═══ Entries supplied
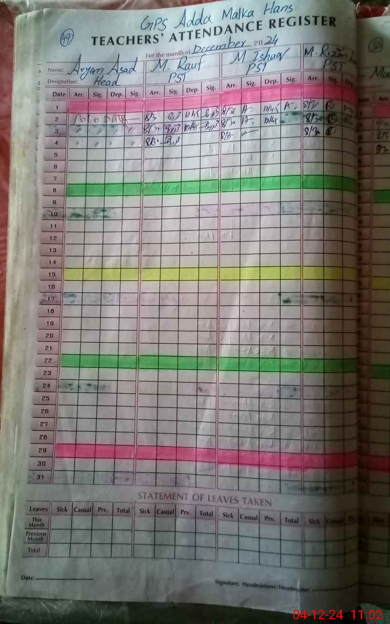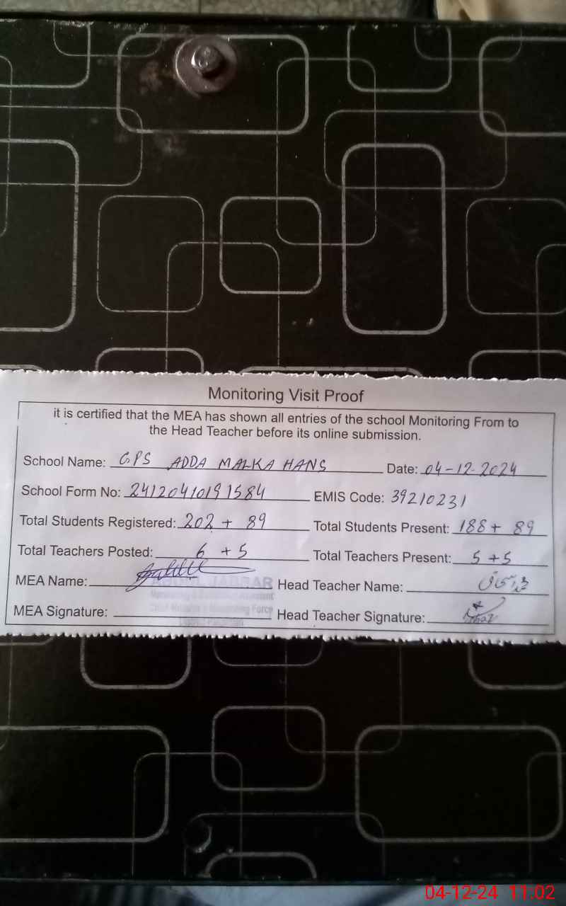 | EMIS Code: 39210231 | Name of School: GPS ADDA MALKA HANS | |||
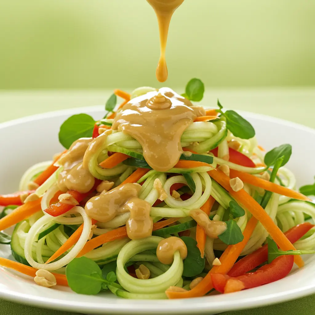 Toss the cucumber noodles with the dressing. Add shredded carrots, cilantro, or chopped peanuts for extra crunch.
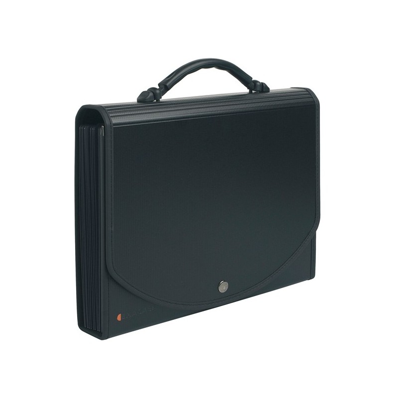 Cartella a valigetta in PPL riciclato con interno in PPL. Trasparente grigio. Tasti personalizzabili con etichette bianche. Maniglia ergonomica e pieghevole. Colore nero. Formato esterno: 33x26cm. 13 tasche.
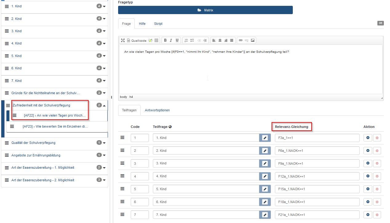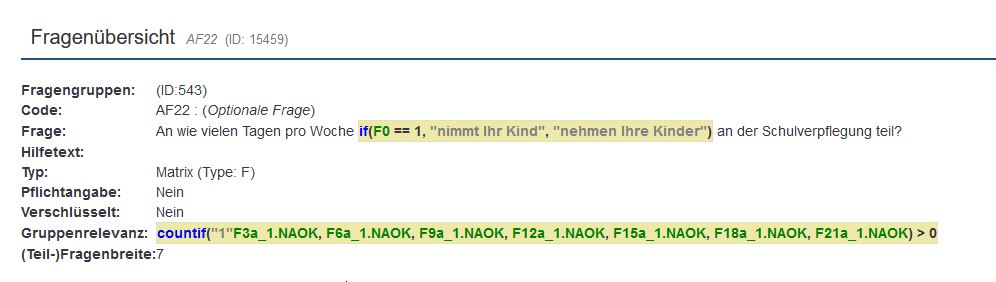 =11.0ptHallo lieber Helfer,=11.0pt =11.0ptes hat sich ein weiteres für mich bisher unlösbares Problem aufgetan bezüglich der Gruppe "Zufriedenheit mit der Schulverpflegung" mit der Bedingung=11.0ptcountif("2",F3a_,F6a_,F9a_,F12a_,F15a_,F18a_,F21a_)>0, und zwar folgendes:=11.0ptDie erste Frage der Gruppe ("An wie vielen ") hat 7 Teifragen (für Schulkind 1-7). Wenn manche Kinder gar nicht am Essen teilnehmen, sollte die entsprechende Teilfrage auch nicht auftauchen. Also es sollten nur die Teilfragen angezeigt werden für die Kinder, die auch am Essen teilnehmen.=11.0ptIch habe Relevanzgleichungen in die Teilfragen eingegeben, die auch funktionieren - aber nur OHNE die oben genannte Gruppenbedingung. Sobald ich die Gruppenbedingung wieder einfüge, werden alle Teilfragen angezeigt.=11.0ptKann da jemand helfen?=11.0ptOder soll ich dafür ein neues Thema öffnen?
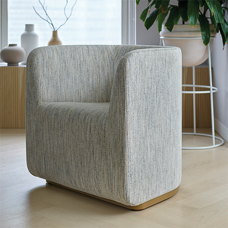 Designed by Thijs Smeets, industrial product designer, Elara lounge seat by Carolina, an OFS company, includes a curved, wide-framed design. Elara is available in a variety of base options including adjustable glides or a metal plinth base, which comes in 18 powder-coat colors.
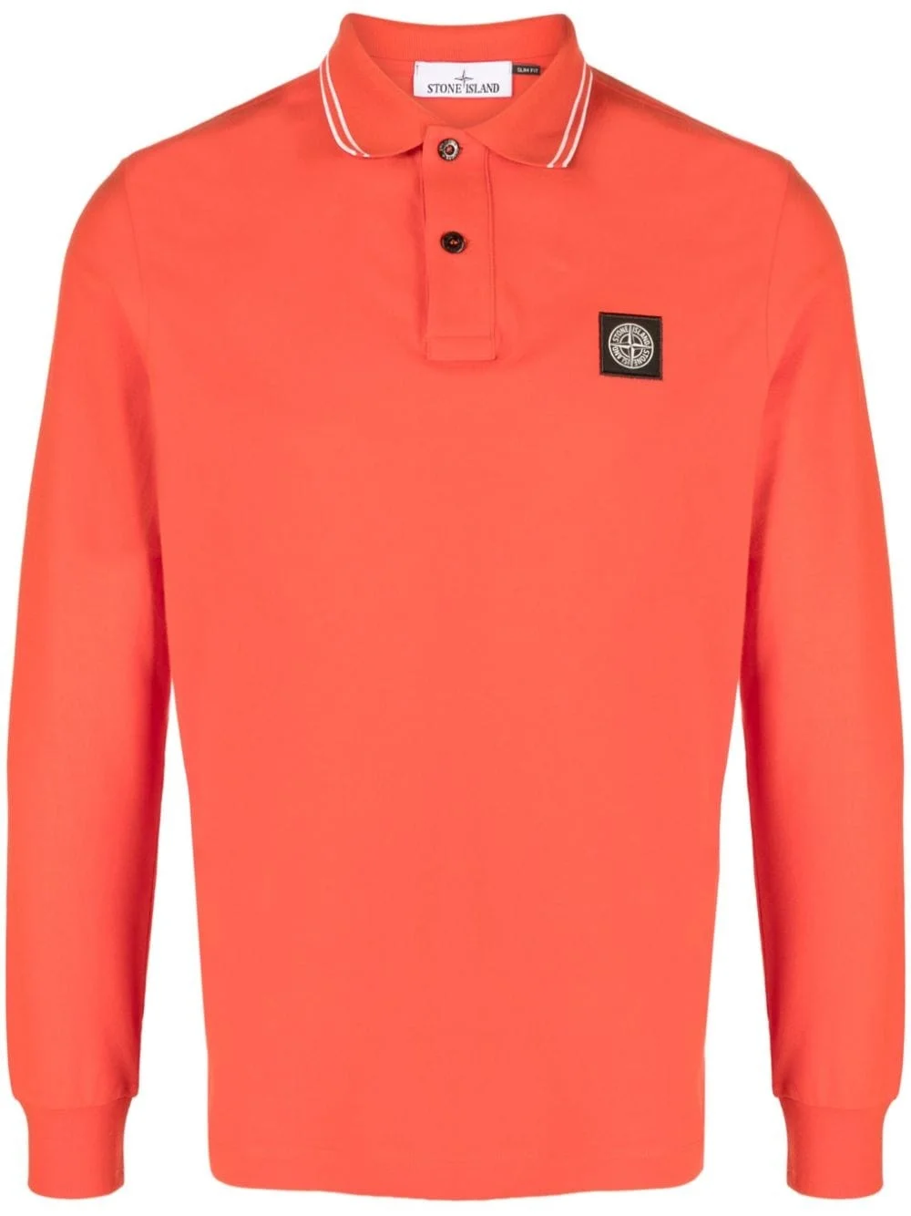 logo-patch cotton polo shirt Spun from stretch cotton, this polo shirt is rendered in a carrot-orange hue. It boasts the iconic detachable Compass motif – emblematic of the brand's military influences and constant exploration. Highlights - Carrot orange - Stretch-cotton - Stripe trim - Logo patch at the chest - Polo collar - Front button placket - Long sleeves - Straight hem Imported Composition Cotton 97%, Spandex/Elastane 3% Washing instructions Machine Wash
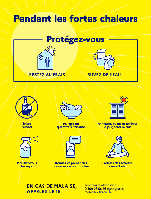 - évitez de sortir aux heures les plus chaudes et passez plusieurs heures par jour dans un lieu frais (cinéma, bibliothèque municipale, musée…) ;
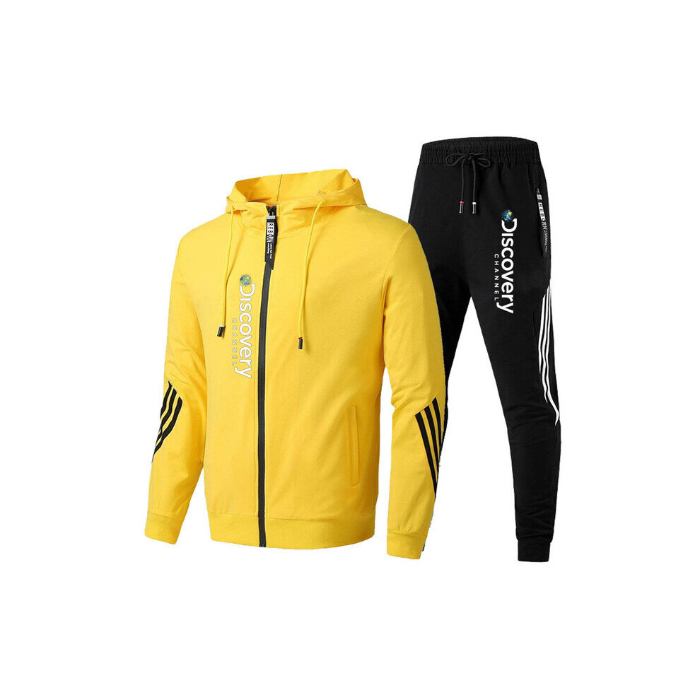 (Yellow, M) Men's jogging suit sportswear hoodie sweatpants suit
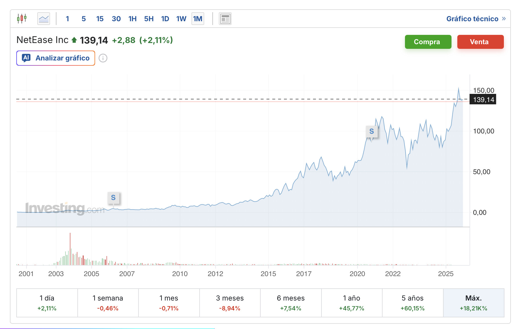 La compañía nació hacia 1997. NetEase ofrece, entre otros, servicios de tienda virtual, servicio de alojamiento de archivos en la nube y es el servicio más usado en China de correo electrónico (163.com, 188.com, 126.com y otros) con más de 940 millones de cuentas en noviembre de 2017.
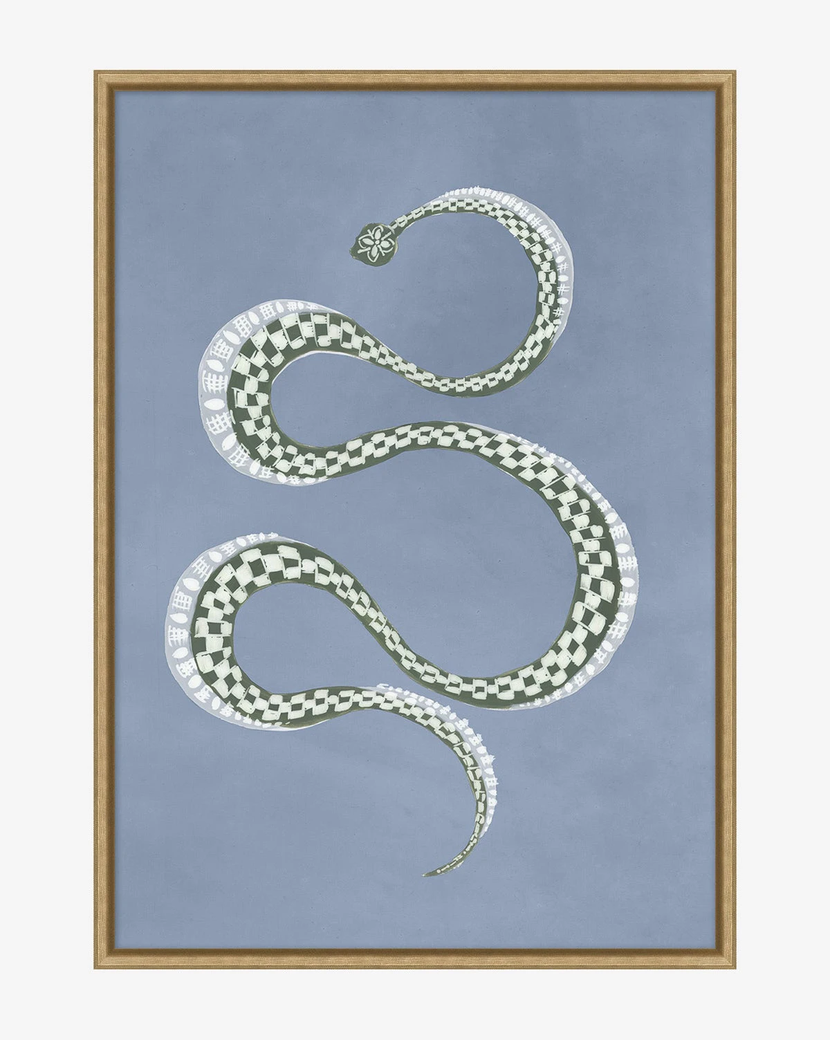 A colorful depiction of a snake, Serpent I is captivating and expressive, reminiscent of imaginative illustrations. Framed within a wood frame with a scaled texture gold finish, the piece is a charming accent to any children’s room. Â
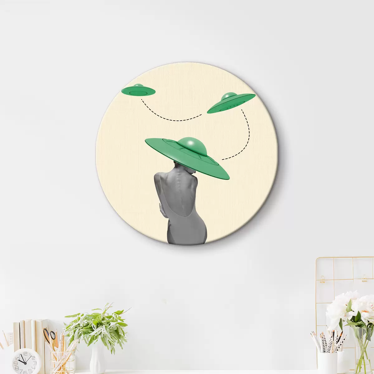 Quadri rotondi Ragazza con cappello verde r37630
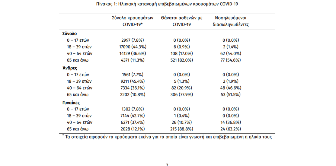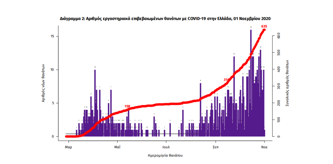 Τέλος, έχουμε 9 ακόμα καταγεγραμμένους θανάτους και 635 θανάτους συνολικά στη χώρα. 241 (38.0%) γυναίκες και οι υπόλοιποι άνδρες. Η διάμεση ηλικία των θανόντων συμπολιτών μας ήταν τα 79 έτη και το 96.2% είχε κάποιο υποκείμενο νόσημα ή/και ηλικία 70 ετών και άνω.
══════
= Task prompt =
In your copy of the entries above, leave out the pictures and keep every word exact.

= Completed exercise =
 | EMIS Code: 39210231 | Name of School: GPS ADDA MALKA HANS | |||
 Toss the cucumber noodles with the dressing. Add shredded carrots, cilantro, or chopped peanuts for extra crunch.
 Cartella a valigetta in PPL riciclato con interno in PPL. Trasparente grigio. Tasti personalizzabili con etichette bianche. Maniglia ergonomica e pieghevole. Colore nero. Formato esterno: 33x26cm. 13 tasche.
 =11.0ptHallo lieber Helfer,=11.0pt =11.0ptes hat sich ein weiteres für mich bisher unlösbares Problem aufgetan bezüglich der Gruppe "Zufriedenheit mit der Schulverpflegung" mit der Bedingung=11.0ptcountif("2",F3a_,F6a_,F9a_,F12a_,F15a_,F18a_,F21a_)>0, und zwar folgendes:=11.0ptDie erste Frage der Gruppe ("An wie vielen ") hat 7 Teifragen (für Schulkind 1-7). Wenn manche Kinder gar nicht am Essen teilnehmen, sollte die entsprechende Teilfrage auch nicht auftauchen. Also es sollten nur die Teilfragen angezeigt werden für die Kinder, die auch am Essen teilnehmen.=11.0ptIch habe Relevanzgleichungen in die Teilfragen eingegeben, die auch funktionieren - aber nur OHNE die oben genannte Gruppenbedingung. Sobald ich die Gruppenbedingung wieder einfüge, werden alle Teilfragen angezeigt.=11.0ptKann da jemand helfen?=11.0ptOder soll ich dafür ein neues Thema öffnen?
 Designed by Thijs Smeets, industrial product designer, Elara lounge seat by Carolina, an OFS company, includes a curved, wide-framed design. Elara is available in a variety of base options including adjustable glides or a metal plinth base, which comes in 18 powder-coat colors.
 logo-patch cotton polo shirt Spun from stretch cotton, this polo shirt is rendered in a carrot-orange hue. It boasts the iconic detachable Compass motif – emblematic of the brand's military influences and constant exploration. Highlights - Carrot orange - Stretch-cotton - Stripe trim - Logo patch at the chest - Polo collar - Front button placket - Long sleeves - Straight hem Imported Composition Cotton 97%, Spandex/Elastane 3% Washing instructions Machine Wash
 - évitez de sortir aux heures les plus chaudes et passez plusieurs heures par jour dans un lieu frais (cinéma, bibliothèque municipale, musée…) ;
 (Yellow, M) Men's jogging suit sportswear hoodie sweatpants suit
 La compañía nació hacia 1997. NetEase ofrece, entre otros, servicios de tienda virtual, servicio de alojamiento de archivos en la nube y es el servicio más usado en China de correo electrónico (163.com, 188.com, 126.com y otros) con más de 940 millones de cuentas en noviembre de 2017.
 A colorful depiction of a snake, Serpent I is captivating and expressive, reminiscent of imaginative illustrations. Framed within a wood frame with a scaled texture gold finish, the piece is a charming accent to any children’s room. Â
 Quadri rotondi Ragazza con cappello verde r37630
 Τέλος, έχουμε 9 ακόμα καταγεγραμμένους θανάτους και 635 θανάτους συνολικά στη χώρα. 241 (38.0%) γυναίκες και οι υπόλοιποι άνδρες. Η διάμεση ηλικία των θανόντων συμπολιτών μας ήταν τα 79 έτη και το 96.2% είχε κάποιο υποκείμενο νόσημα ή/και ηλικία 70 ετών και άνω.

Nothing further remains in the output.